**Your instructions:**
Copy every line from the data below in which the string "Benagéber" can be found.

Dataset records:
━━━━━━━━

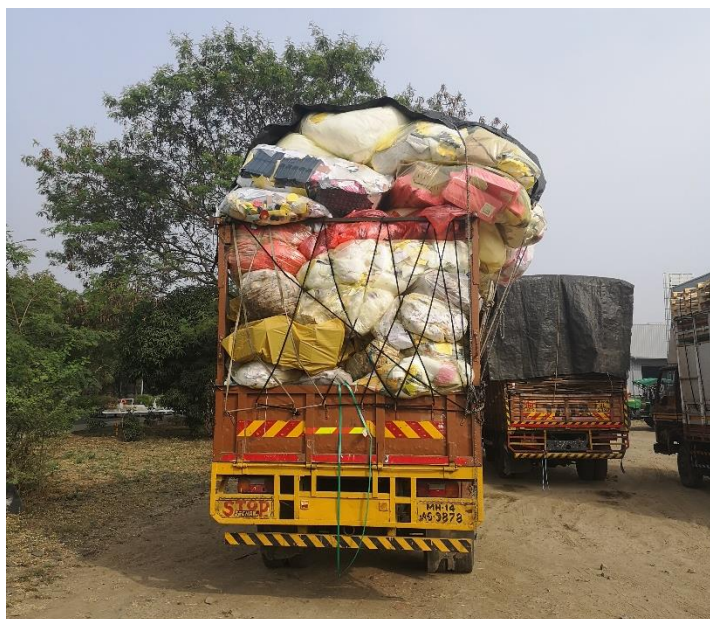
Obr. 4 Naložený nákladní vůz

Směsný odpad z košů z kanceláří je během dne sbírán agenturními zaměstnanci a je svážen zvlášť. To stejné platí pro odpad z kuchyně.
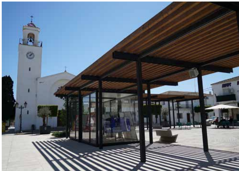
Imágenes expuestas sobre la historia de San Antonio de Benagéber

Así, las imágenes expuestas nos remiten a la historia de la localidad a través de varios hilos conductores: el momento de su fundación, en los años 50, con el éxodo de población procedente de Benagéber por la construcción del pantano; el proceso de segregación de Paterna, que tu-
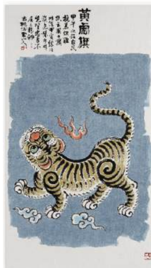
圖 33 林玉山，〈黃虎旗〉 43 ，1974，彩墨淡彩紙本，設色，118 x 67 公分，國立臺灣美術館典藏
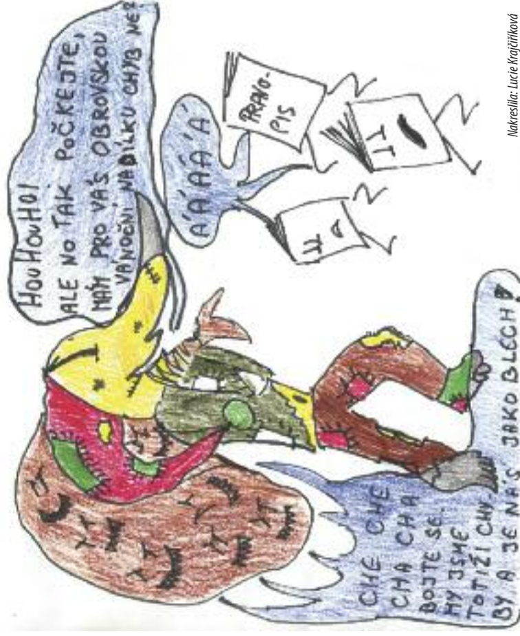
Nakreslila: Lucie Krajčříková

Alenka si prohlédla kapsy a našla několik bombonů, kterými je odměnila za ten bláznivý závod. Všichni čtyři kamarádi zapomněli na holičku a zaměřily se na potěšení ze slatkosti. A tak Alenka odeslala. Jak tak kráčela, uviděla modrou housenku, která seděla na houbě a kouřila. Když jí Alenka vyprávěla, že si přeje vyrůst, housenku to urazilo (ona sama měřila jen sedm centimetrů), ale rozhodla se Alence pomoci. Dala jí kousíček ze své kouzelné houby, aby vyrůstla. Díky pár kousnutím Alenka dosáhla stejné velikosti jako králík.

━━━━━━━━

**Your solution:**
Imágenes expuestas sobre la historia de San Antonio de Benagéber
Así, las imágenes expuestas nos remiten a la historia de la localidad a través de varios hilos conductores: el momento de su fundación, en los años 50, con el éxodo de población procedente de Benagéber por la construcción del pantano; el proceso de segregación de Paterna, que tu-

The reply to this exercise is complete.